Calman Neil S, Hauser Diane, Chokshi Dave A
Institute for Family Health, New York, New York, USA.
Arch Intern Med. 2012 Apr 9;172(7):584-6. doi: 10.1001/archinternmed.2012.219.
The Affordable Care Act made admirable strides toward the "triple aim" of reducing health care costs, increasing health care quality, and improving the health of the community at large. A key element of reform is the accountable care organization (ACO), which restructures health care delivery such that networks of providers are held responsible for a group of patients they serve. The recently announced Medicare ACO program lays the foundation for 2 of its 3 major goals by allowing ACOs to share in any cost savings, provided they meet quality criteria. Yet it seems that the public health goals of accountable care-arguably the most important of the 3-have been left behind. To better address public health goals, we propose a novel method for quality reporting within ACOs: introducing an "expanded denominator" that attributes patients to a health system if they have ever been seen within the system. An expanded denominator would ensure that ACOs are held accountable not only for patients already engaged in primary care but also for patients with fragmented care and high-risk community members not receiving adequate care. Ultimately, payment reform in Medicare, and potentially Medicaid, must support this new approach to quality measurement for it to have lasting ramifications.

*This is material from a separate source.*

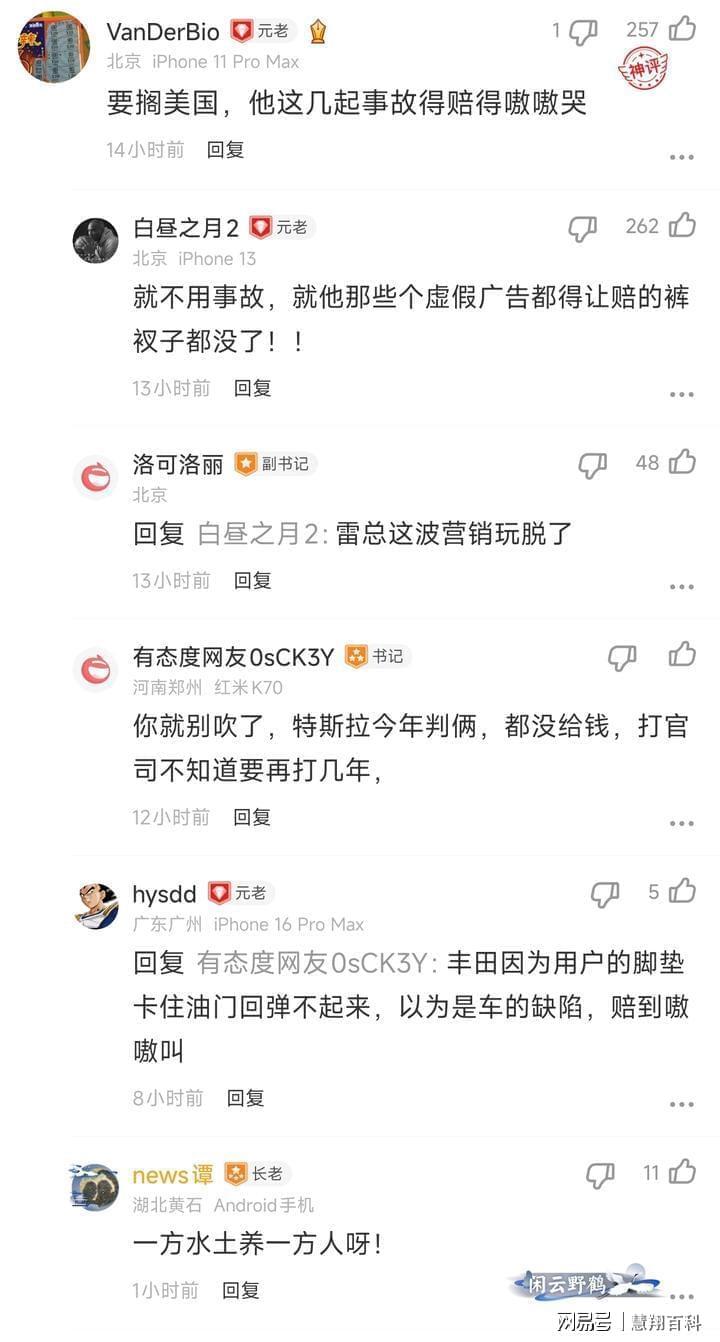 评论区中,网友的观点两极分化。有北京网友评论称:“要搁美国,他这几起事故得赔得嗷嗷哭。”另一位北京网友则表示:“不用事故,就他那些个虚假广告都得让他赔的裤衩子都没了。”

《平价医疗法案》在实现降低医疗成本、提高医疗质量以及改善广大社区健康状况这一“三重目标”方面取得了令人钦佩的进展。改革的一个关键要素是 accountable care organization(ACO,可问责医疗组织),它对医疗服务的提供进行重组,使医疗服务提供者网络对其所服务的一组患者负责。最近宣布的医疗保险 ACO 计划通过允许 ACO 在符合质量标准的情况下分享任何成本节约,为其三大主要目标中的两个奠定了基础。然而,可问责医疗的公共卫生目标——可以说是这三个目标中最重要的——似乎被抛在了后面。为了更好地实现公共卫生目标,我们提出了一种在 ACO 内部进行质量报告的新方法:引入一个“扩展分母”,如果患者曾在某个医疗系统内就诊,就将其归为该医疗系统。扩展分母将确保 ACO 不仅要对已经接受初级保健的患者负责,还要对医疗服务零散的患者以及未得到充分治疗的高危社区成员负责。最终,医疗保险以及可能还有医疗补助的支付改革必须支持这种新的质量衡量方法,使其产生持久影响。